There are multiple scoring systems to assess its severity in terms of the risk of complications and mortality associated with it. Those include the Ranson score, the revised Atlanta classification, the bedside index for severity in acute pancreatitis (BISAP) score, the APACHE-II score, the Glasgow score, the MOSS score, the Balthazar score, the CT severity index (CTSI), and additional organ failure scores such as the Marshall score or the sequential organ failure assessment (SOFA) [2,3]. However, some scoring systems tend to be very complex and sometimes dependent on multiple investigations, which increases the time and resources needed to determine them.
According to the revised Atlanta classification, acute pancreatitis is classified into three categories: mild, moderate, and severe [2]. It was stated that the occurrence of organ failure in the first seven days from admission is a dynamic and progressive process correlated with a high mortality rate [4].
Different biomarkers were used to determine the severity of acute pancreatitis such as C-reactive protein (CRP), serum procalcitonin, neutrophil/lymphocyte ratio (NLR), platelet/lymphocyte ratio (PLR), red cell distribution width (RDW) levels, and the levels of interleukin (IL) 6 (IL-6), IL-8, IL-12, IL-15, and IL-17, polymorphonuclear elastase, and trypsin activation peptide [5]. CRP, IL-6, and procalcitonin are the most used biomarkers, but none of them was shown to identify disease severity [6] accurately.
Recently, the acute-phase protein ferritin has been proposed as a valuable predictor of disease severity and has been studied and recognized as an inflammatory marker in various acute diseases [7,8,9,10].
Ferritin is a protein involved in intracellular iron storage in the human body, reflecting the iron status and the inflammation level [11].
Serum ferritin levels are generally 15–300 ng/mL, with lower accepted values in children and women. The concentrations of systemic ferritin are influenced by chronic or acute inflammation, and previous studies mentioned it as a marker of inflammatory, immunological, and malignant illnesses, indicating a dysregulation in the cellular redox balance [12].

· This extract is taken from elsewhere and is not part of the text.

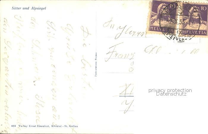12029816 alte Postkarte St Gallen SG Sitter und Alpsiegel im Alpstein postalisch gelaufen Erhaltung siehe scans KatCode: 11470190580766
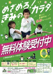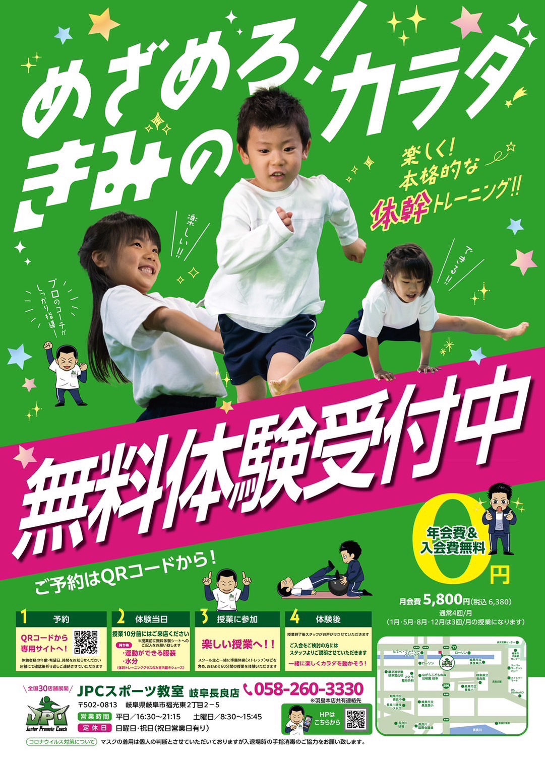 こんにちは! JPCスポーツ教室 岐阜長良店です。 少しずつ気温も上がってきて気持ちの良い季節になってきましたね!   当教室では、無料体験随時受付中です! 特に子供達は、室内外問わず思いっきり身体を...

Multiple research studies mentioned the association of the ferritin status with adverse outcomes in patients with various conditions. However, there are limited clinical data regarding the relationship between acute pancreatitis and the serum ferritin status [6,12,13].
Moreover, the ferritin-to-hemoglobin ratio (FHR) was proposed as an additional advantageous marker of acute disease severity but has not yet been studied in acute pancreatitis [7].
Our study aimed to evaluate the clinical association between serum ferritin and the severity of acute pancreatitis, graded according to the revised Atlanta classification, and to analyze the significance of the ferritin-to-hemoglobin ratio (FHR) as a predictive marker of severity and for risk stratification at admission, next to classic biomarkers of inflammation or severity, such as C-reactive protein, fibrinogen, D-dimers, or procalcitonin.
2. Materials and Methods
In this retrospective cross-sectional study, we included 116 patients with acute pancreatitis (AP) from “Dr. Carol Davila” Central Military University Emergency Hospital, Bucharest, hospitalized between January 2020 and September 2022, whose serum ferritin level was measured at admission or in the first 24 h following admission. The diagnosis of acute pancreatitis was made when at least 2 of the following 3 criteria were met: acute abdominal pain suggestive of pancreatitis, serum lipase and/or amylase levels found three or more times higher than the upper limit of normal (ULN), and suggestive findings for AP on imagistic work-up (computed tomography, magnetic resonance imaging (MRI), or abdominal ultrasound) [2].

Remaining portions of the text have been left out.